Now this is a really weird interpretation or a weird law. Can you give me the article that says this explicitly? Or if not, do you have a court case to support it? Or at least a regulator's opinion or something?
And are you sure this applies to commercial use? I.e. does a company also have the right to use things however it wants? Or is it just the consumers?

What about typical software licenses? Microsoft, Adobe, AutoDesk, SAS and so on. If you're right about NV, what stops companies from using non-commercial software?
In most cases (Microsoft, for example) a fully featured free version is available for learning. Why are companies paying millions for commercial SQL Server or Visual Studio?
 
Yeah because we should all enjoy large datacenter companies gobble up ALL of the CONSUMER oriented gpu's so prices will go even higher for regular CONSUMER grade video cards and then we can complain to Nvidia that our Geforce cards are expensive in stores right?

This is a good move from Nvidia.

This is NOT what's gobbling up GPUs.

There's actually no legal recourse for NVidia to employ to prevent this. The reasoning behind that statement is simple, the hardware can not work properly without the driver software. Based on case law, both federal and state(in the USA at least) a manufacturer is not allowed to define how a particular product is used. Even though NVidia owns the copyright to the software, because the hardware it is intended for depends on that software, the software becomes attached to the hardware as a binding product. NVidia can not tell people, governments, business or corporations how to use their own property any more than Intel or AMD can tell the same groups that they can't buy or use Xeon or Opteron CPU's in whatever way meets their needs. NVidia can bluster all it wants. They DO NOT have the legal standing to back it up. This is a non-issue..

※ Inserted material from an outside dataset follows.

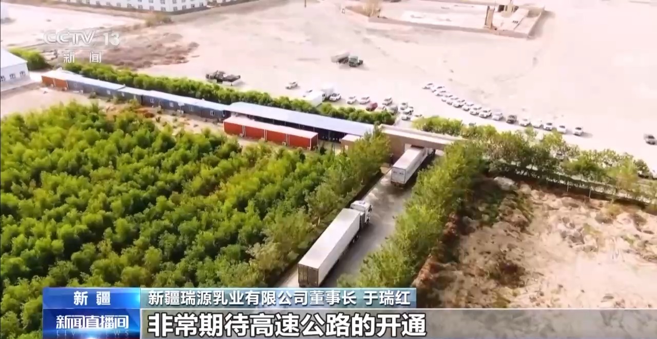 高速沿线,物流园区、冷链基地,一座座产业新地标正加快布局。在天山南麓,第一次通上高速公路的和静县,也迎来了这家年产4万吨鲜奶的乳品企业。眼下,他们正在抓紧扩建仓储车间、采购冷藏运输车,准备开通新的鲜奶配送专线。

All they need to do is point at nouveau to dismiss your argument.
 
Now this is a really weird interpretation or a weird law. Can you give me the article that says this explicitly? Or if not, do you have a court case to support it? Or at least a regulator's opinion or something?
And are you sure this applies to commercial use? I.e. does a company also have the right to use things however it wants? Or is it just the consumers?

What about typical software licenses? Microsoft, Adobe, AutoDesk, SAS and so on. If you're right about NV, what stops companies from using non-commercial software?
In most cases (Microsoft, for example) a fully featured free version is available for learning. Why are companies paying millions for commercial SQL Server or Visual Studio?

Also keen to understand the answer to this. I believe that they do have legal recourse (else how do software companies enforce all their terminal services and server licensing stuff).
 
Also keen to understand the answer to this. I believe that they do have legal recourse (else how do software companies enforce all their terminal services and server licensing stuff).
The short answer is: by buying software you're signing the EULA, which is fundamentally built around copyright (no other way, to be honest).
 
This is an update to the GeForce EULA. How is this different to any other EULA enforcement case?